前田大臣 そこで、国交省も政策の方針を切り換え、医職住の近接とか地域の集約を進めようとしているわけです。例えば、東北で復興を果たしても、10年経ったら「高齢化が進んで街がもたない」ではダメなのです。職を含めて、継続する街に、住んでいる人はその街で死ぬまでケアをしてもらえるようでないと。厚生労働省が「地域包括ケア」という政策を打ち出していますが、国交省としても、これからの住宅・街づくり政策はそれと連携してやろうと考えています。東京都はこれから高齢化が最も進むわけですから、大都市でもそうした考えが必要です。

■国際化のキーワード

森会長 今の時代、グローバル化は避けられないと思います。車や飛行機、建築物にしても、世界的に分業化が進んでいることのほかに、企業も「日本だけのマーケットでは狭い、アジアなら40億人もいる」と、市場を求めて否応なく世界に出ていくわけです。そこで問題になってくるのが、国際都市間競争の中でどこが世界の中心になるか。カネも知恵も情報も集まるグローバル企業のヘッドクォーターがどこに置かれるかということです。

 少子高齢化で日本人の人口は減っていますが、この5年間で逆に日本に住んでいる人は微増しています。東京はかなり増えている、つまり海外から人が入ることで、都市間競争になんとか踏ん張ってついていっている状況です。これが今後の政策としても非常に重要な視点だと思います。

 今や、本格的な大都市間競争が始まっています。この競争に負けると、空洞化はどんどん進み、就業の機会も減る。仮に日本の中での地域間競争に勝っても、世界との競争に負けてしまったら、世界の田舎、地方都市になってしまうわけですから、絶対に負けるわけにはいかないのです。

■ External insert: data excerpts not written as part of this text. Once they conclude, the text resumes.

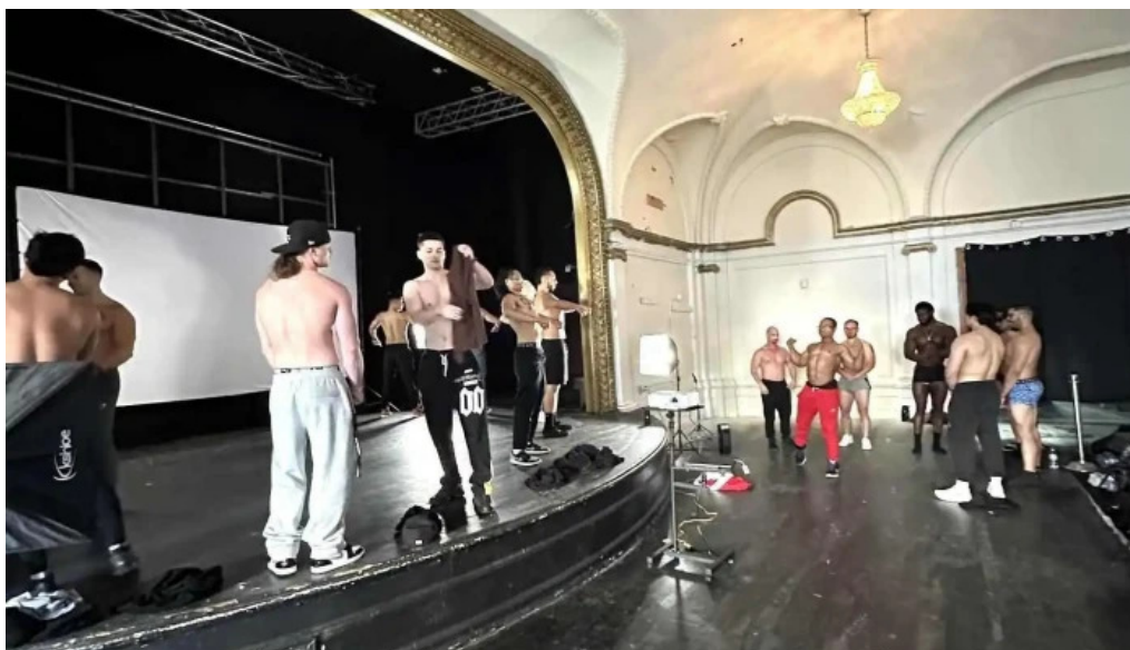
Built by nando fitness coaching all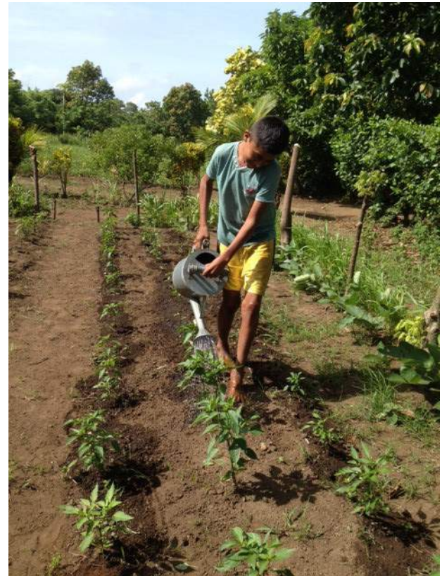
Above, a community member waters crops at the UCA Tierra y Agua cooperative in La Granadilla.

Above, each garden has between 3 and 5 plots that measure 8 metres by 120cm. Intern Sinéad was able to watch and assist one morning in the creation of 5L of binadre , or organic fertilizer, a process which took 3 hours of labour on the part of 6 people, and then 5 more hours of patience as they waited for it to collect.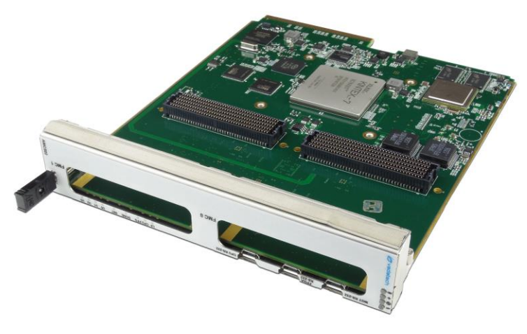
Figure 1: AMC502

AMC502 has an onboard crystal-referenced clock source to provide at least 125 MHz as GTX reference inputs for PCIe, SRIO and GbE. The iMX6 CPU is a quad core ARM processor at 1 GHz for power-efficient distributed processing.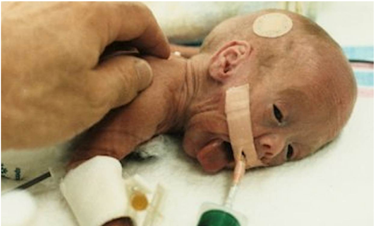
Premature Baby on Ventilator.jpg

That SUPPORT experiment was conducted from 2005 to 2009 in 23 U.S. hospitals to restrict the oxygen breathing help for half of the 1316 enrolled premature babies, in the hope that this already often tried dangerous intervention might reduce their risk of eye damage from baby-blinding retinopathy of prematurity (ROP) 17 . Instead of using the entire commonly administered “standard of care” range of blood oxygen levels from 85 to 95 percent, the researchers tried to find the elusive but imaginary exact level that would avoid the blinding without killing many babies, an even theoretically impossible task because it does not account for the human variability among the subjects of their research and their individual conditions. Despite the known high risks of increasing the expected lethal damage from asphyxiation to maybe prevent the non-lethal condition of eye damage, and without establishing a control group to which to compare their results (a standard for competent trial design), they split the enrolled babies into two groups which were to receive 85 to 89 percent in the low-oxygen group and 91 to 95 percent for the high-oxygen recipients 18 .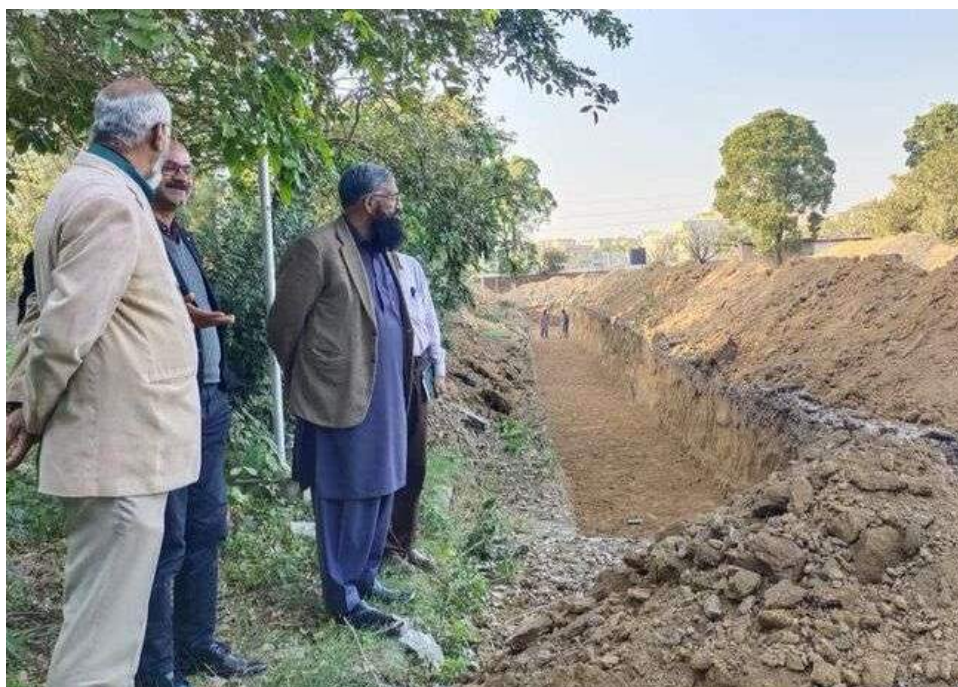
Installation of Tube well at Hajj Complex. Quetta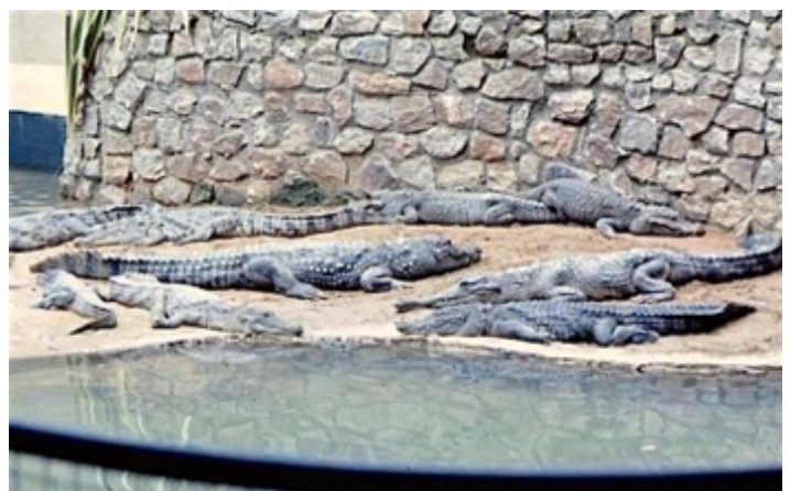
A closer look inside the crocodile enclosure. Three species can be seen here.

In 1977, a year or so after completion of the building, the University's Vice-Chancellor suggested there should be an official opening of the Reptile House. Thus an opening ceremony was organised for the 30 th of January, 1978, and duly took place in an area just in front of the new crocodile enclosure. The Vice-Chancellor led the ceremony and made a charming and encouraging speech in which he said how much the University valued the new Reptile House and indeed the Zoological Garden. Among others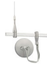
MonoRail Center Power Feed Single-Feed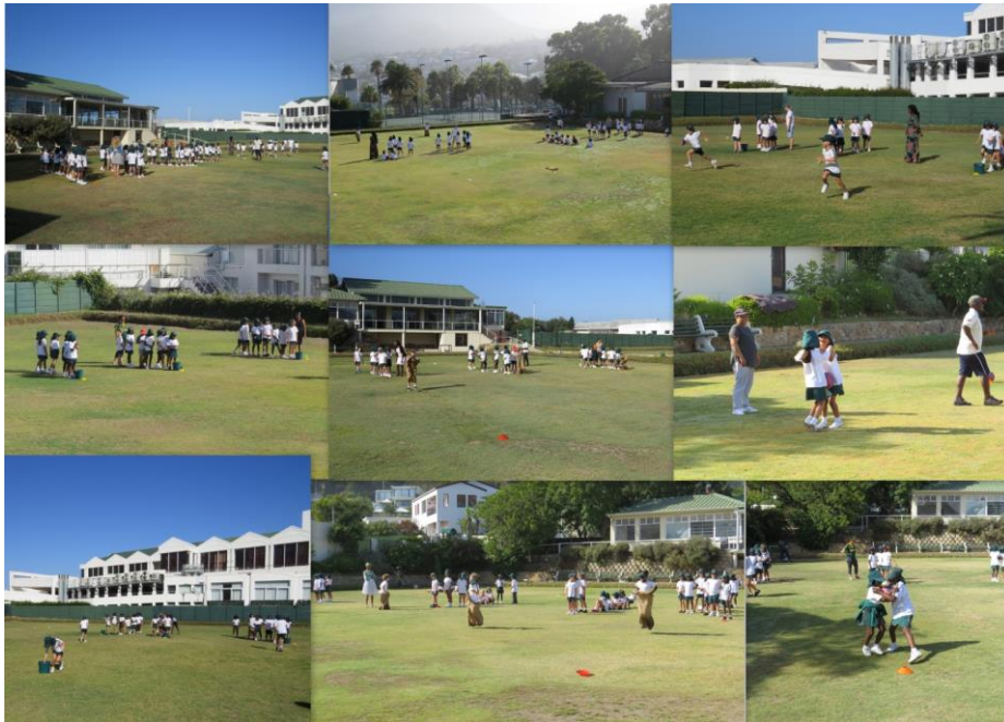
A morning of fun activities at the new Gr R premises.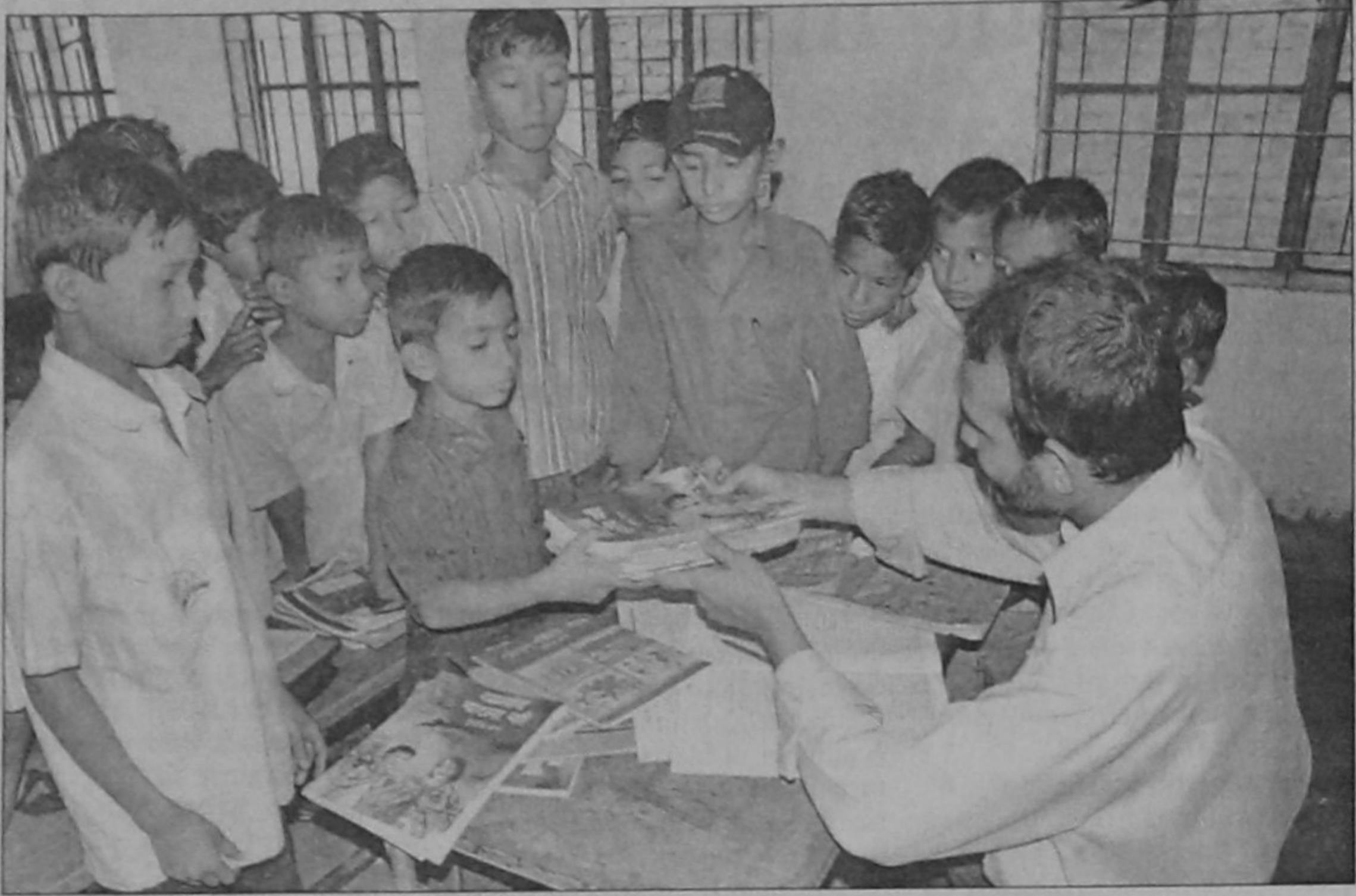
A teacher of Bakchar Government Primary School at Shyampur in Dhaka distributes textbooks among the students of class three yesterday at the beginning of new academic year.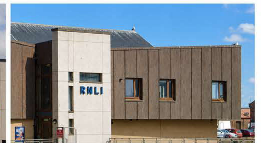
Existing Lifeboat Station - Google Maps (2026)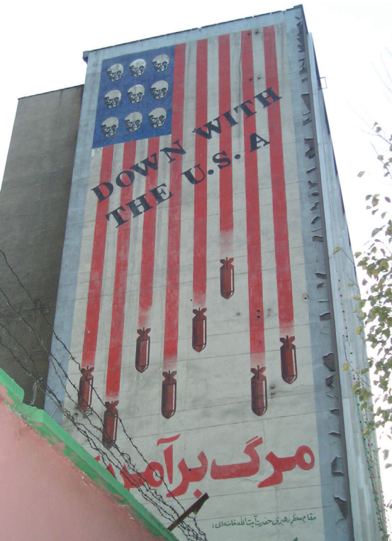
Anti-US mural, Tehran, Iran, 2004.

Al-Quds forces are believed to support anti-U.S. militia in Iraq such as the Mahdi Army of the anti-U.S. cleric, Muqtada al-Sadr, and elements of the Badr Brigade, which is linked to the Supreme Council for the Islamic Revolution in Iraq, a Shi'a political party. In addition to firearms, al-Quds operatives were allegedly supplying radical Shi'a groups advanced improvised explosive devices such as explosively formed projectiles and possibly more than 100 Austrian Steyr HS50 .50 caliber sniper rifles. 22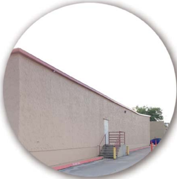
Village Center College Station, Texas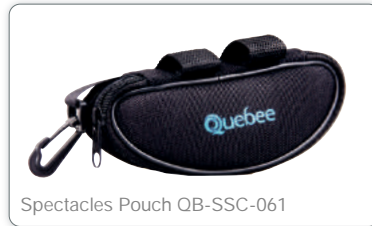
Spectacles Pouch QB-SSC-061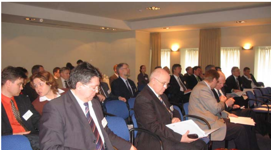
The conference hall at the 2 nd Workshop day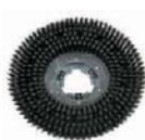
Polypropylene Bristles Black 30XJ26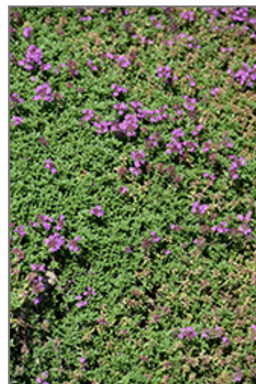
Creeping Thyme in bloom

Creeping Thyme is recommended for the following landscape applications;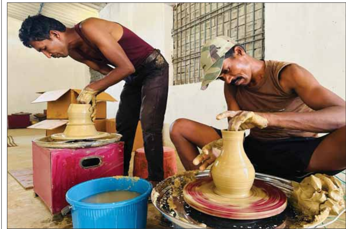
Artisans are promoted at Aajivika-Gidi in Rural Industrial Parks (RIPA) across Chhattisgarh where traditional businesses of cobblers, blacksmiths and potters are patronized.

He added that Chhattisgarh has the lowest unemployment rate in the country today. The status will be maintained in future also.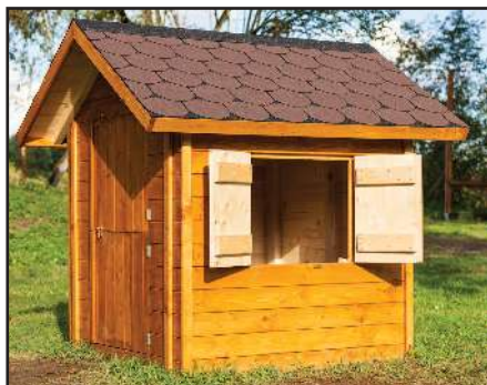
Build a Playhouse! For Dads and Teens — work together under the supervision of master builders and build a REAL HOUSE! All who work on the project will be entered in a drawing to WIN the house when it's completed! Achieve something together you never thought you could!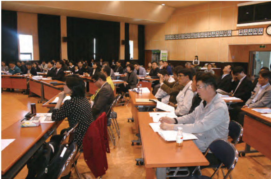
* About 90 stakeholders participated to the workshop in 2012

We are planning to make a full-length report on the result of the workshop. From the report, the best policy measures on EPS float will be developed. We will spread the report to the participants and to the policy decision makers so that they can use the information. We will continue our activities until the EPS float marine debris problem is solved clearly.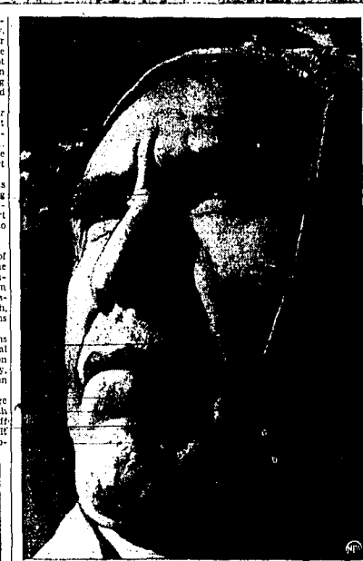
One of the famed Indian Scouts today—still "proud, dignified, loyal."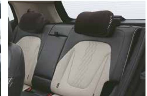
Rear seat headrest cushion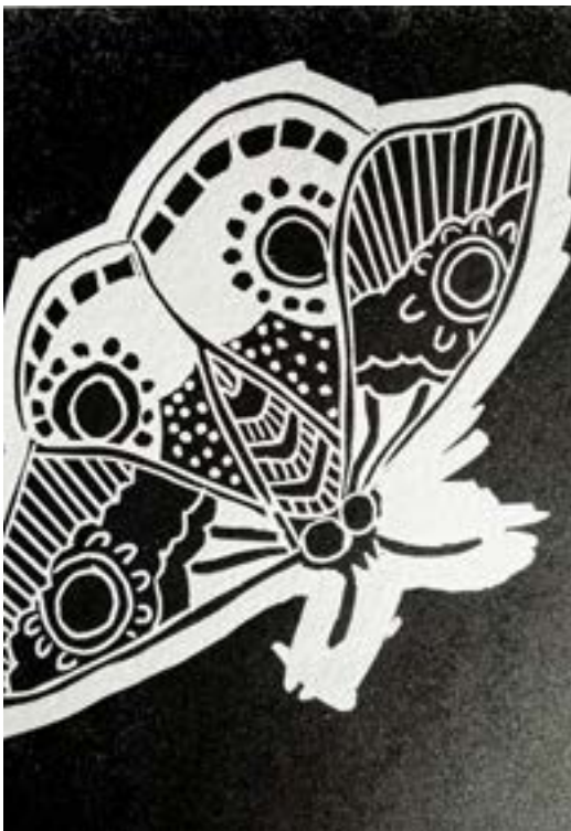
Rechelle Turner, Buugang , lino cut print / work in progress 2023.

Exhibition dates: 14 June – 10 August. Opening 6pm, Friday 14 June. Free, all welcome.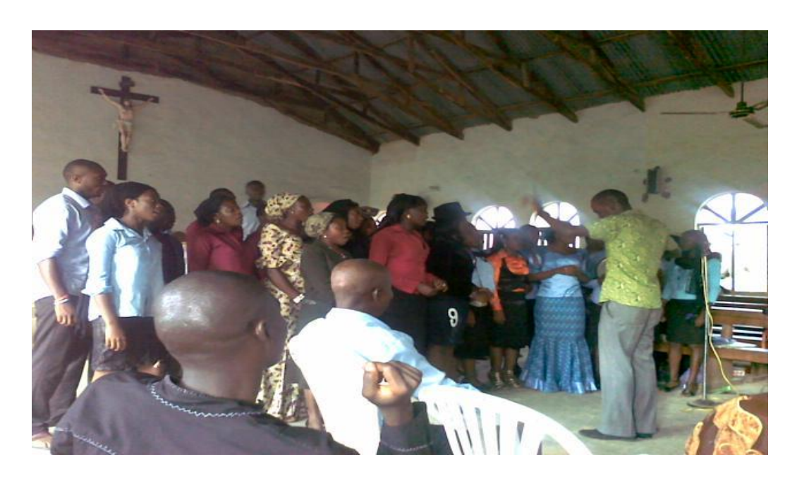
Singing songs of hope and better future ahead for the youths of Nigeria (Catholic Youth Organisation of Nigeria CYON)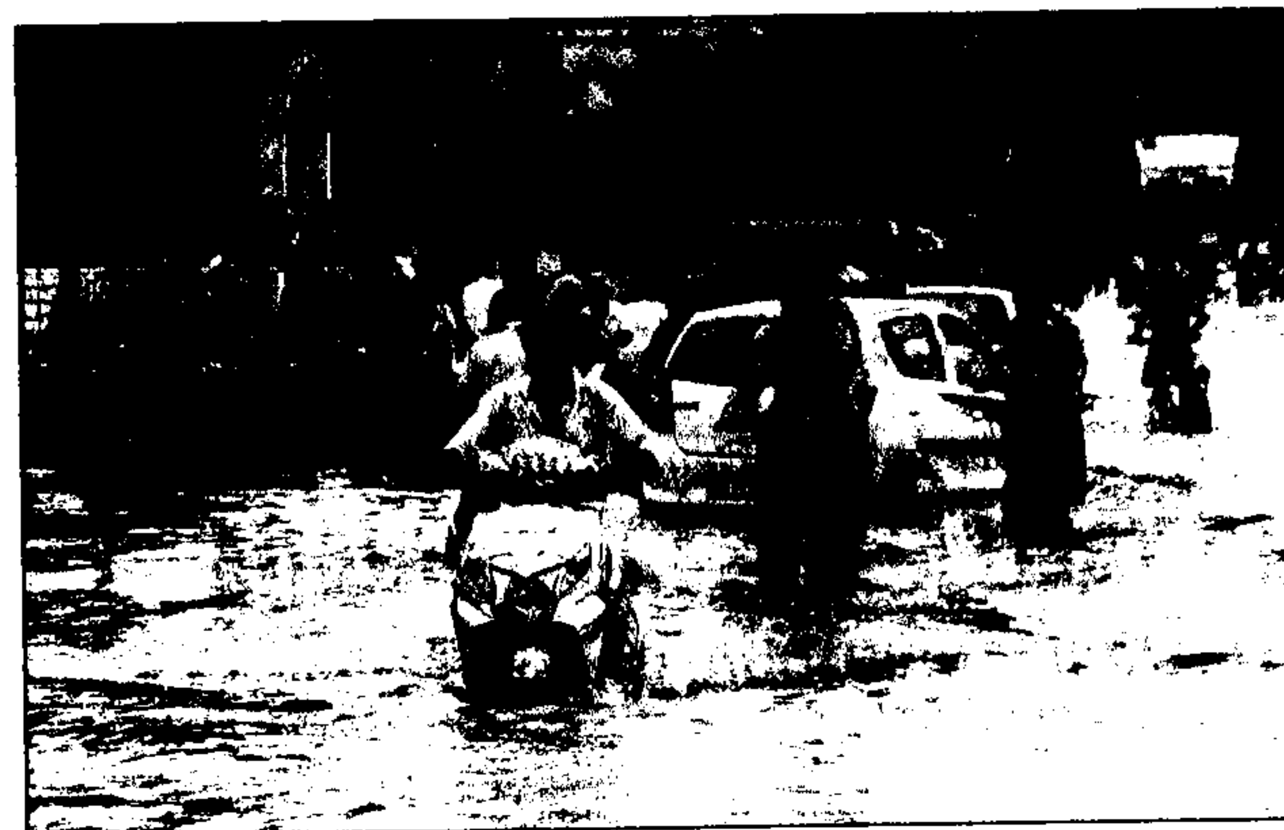
(Above) Coconut trees washed away due to sea erosion at Ullal in Dakshina Kannada district. (Left) Children struggle on a waterlogged road in Hosapete, in Ballari district.

district. However, Karwar received uninterrupted rains for more than two hours. In the last 24 hours, the district recorded 589 mm of rains.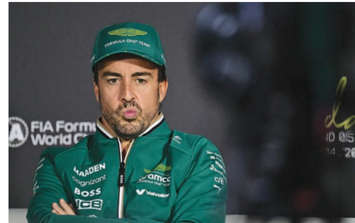
Aston Martin's Spanish driver Fernando Alonso looks on during a press conference ahead of the 2023 Saudi Arabian Grand Prix at the Jeddah Corniche Circuit yesterday.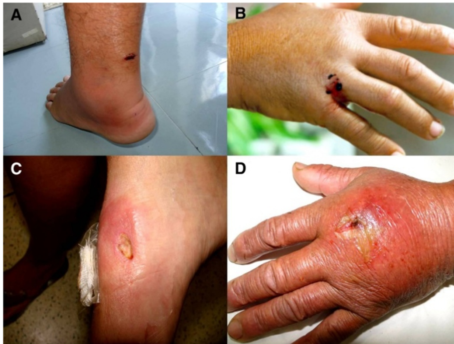
Figure 7 Envenomations caused by marine stingrays. (A) Erythema and edema in a heel injury. (B) Fisherman hand injured by a stingray. (C) Ulcer on the left foot of a fisherman. (D) Hand of a fisherman stung by a ray, the wound was associated with bacterial infection. This kind of injury is common in fishermen of shrimp communities, since the caught stingrays remain at the bottom of the boat.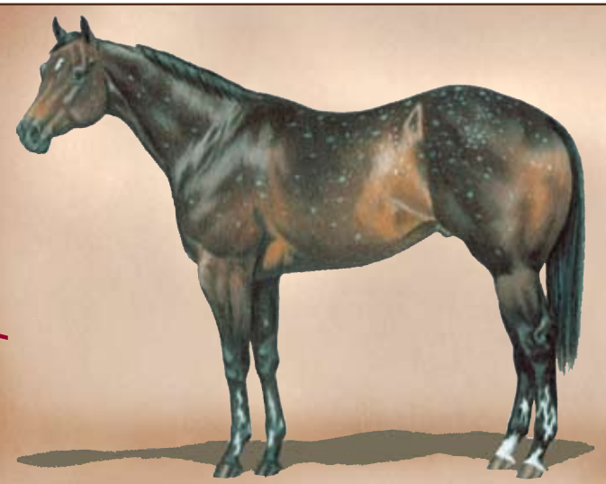
Description: Roan over body and hips Face Markings: Star Leg Markings: Left front lightning marks, left hind partial pastern, right front lightning marks, right hind partial pastern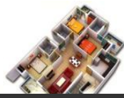
1394 sq. ft. Floor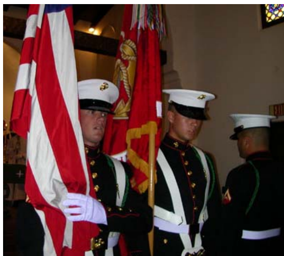
USMC Color Guard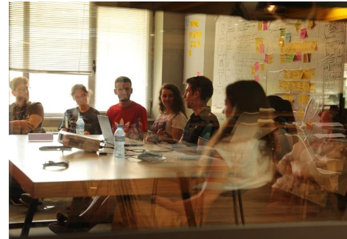
Informative session on Blockchain

 勝つためには、グローバルスタンダードの生活、仕事ができるとか、安全性が保たれるということが非常に大事です。国際戦略総合特区では、まさにグローバルなレベルでの自由度を得るために、各省庁の垣根を越えてワンストップで様々なことにチャレンジする、だからこその特区であり、単なる規制緩和ではなく規制改革が必要です。

 もう一つ重要なのはスピードです。上海は17年で世界一の金融都市をつくりました。その街区には40階建て以下のビルはありません。マーケットはまだ国際的に十分に開いていないのに、すでに世界の金融機関のほとんどが集まっています。

 私は、都市再生こそが日本を救うと確信しています。都市の骨格はもちろん、法人税・所得税などの税負担の緩和、金融面の政府保証など、民間を生かし、海外から人や投資を引きつける政策が必要です。都市政策関連の法制度も整った今、12年は都市再生に向けて本格的に動き出す年と大いに期待しています。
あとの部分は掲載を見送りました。